» **What is being asked**: The lines below, from the one holding "All princesses need" through the one holding "Giới thiệu Bộ", are to be restated word for word, with all images left out.

» **Data for the task**:
----------------------------------------
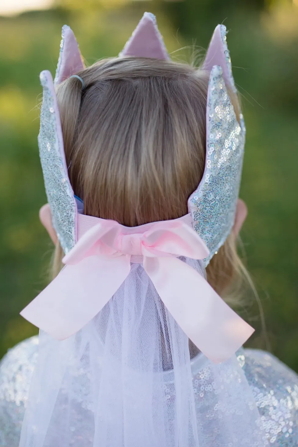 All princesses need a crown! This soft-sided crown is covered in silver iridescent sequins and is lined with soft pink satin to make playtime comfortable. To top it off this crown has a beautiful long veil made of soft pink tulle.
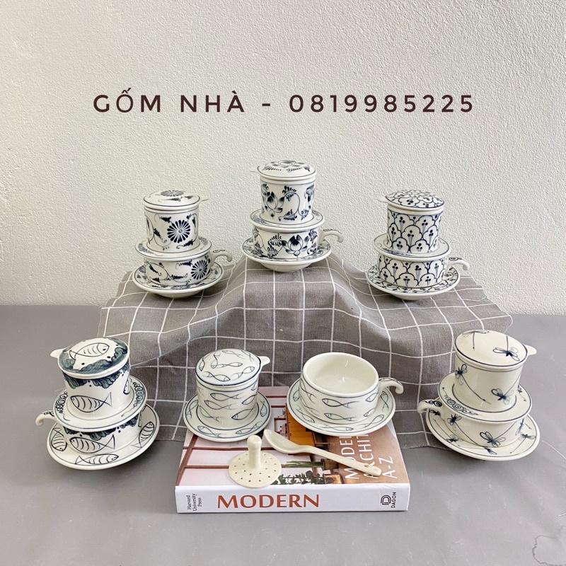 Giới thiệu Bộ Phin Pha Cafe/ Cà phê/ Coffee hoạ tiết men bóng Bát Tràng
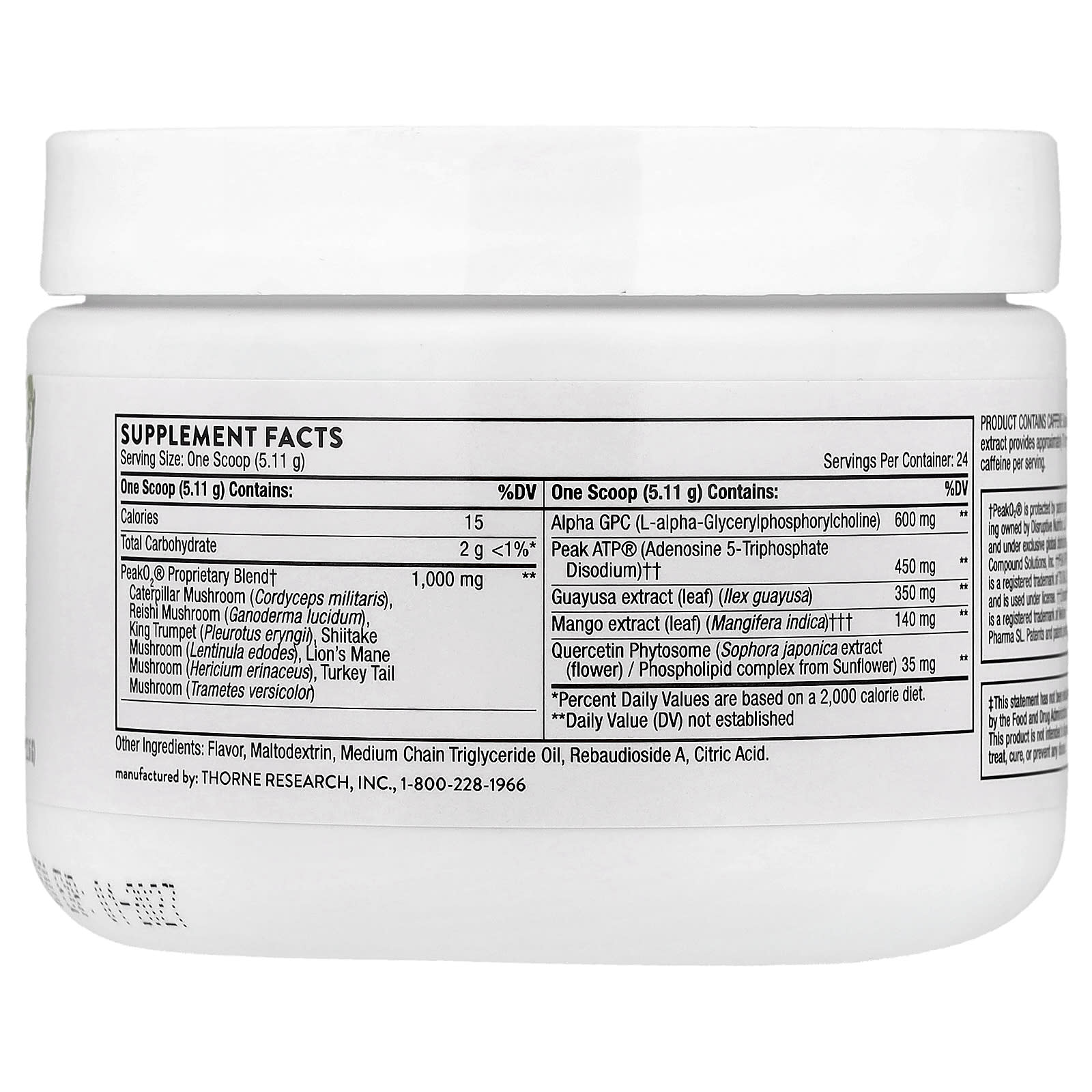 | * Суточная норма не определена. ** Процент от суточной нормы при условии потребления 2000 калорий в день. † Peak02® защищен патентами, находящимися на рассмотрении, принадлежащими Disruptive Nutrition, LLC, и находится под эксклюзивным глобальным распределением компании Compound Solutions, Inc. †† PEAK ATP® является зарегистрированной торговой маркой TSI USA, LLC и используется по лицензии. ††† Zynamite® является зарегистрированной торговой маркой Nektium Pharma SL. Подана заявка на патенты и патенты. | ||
----------------------------------------
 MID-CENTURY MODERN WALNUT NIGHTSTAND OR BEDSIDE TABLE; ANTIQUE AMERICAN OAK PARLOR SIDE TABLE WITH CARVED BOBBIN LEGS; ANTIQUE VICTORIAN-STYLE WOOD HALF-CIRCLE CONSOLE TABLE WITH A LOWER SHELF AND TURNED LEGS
----------------------------------------
» **Response to this task**:
 All princesses need a crown! This soft-sided crown is covered in silver iridescent sequins and is lined with soft pink satin to make playtime comfortable. To top it off this crown has a beautiful long veil made of soft pink tulle.
 Giới thiệu Bộ Phin Pha Cafe/ Cà phê/ Coffee hoạ tiết men bóng Bát Tràng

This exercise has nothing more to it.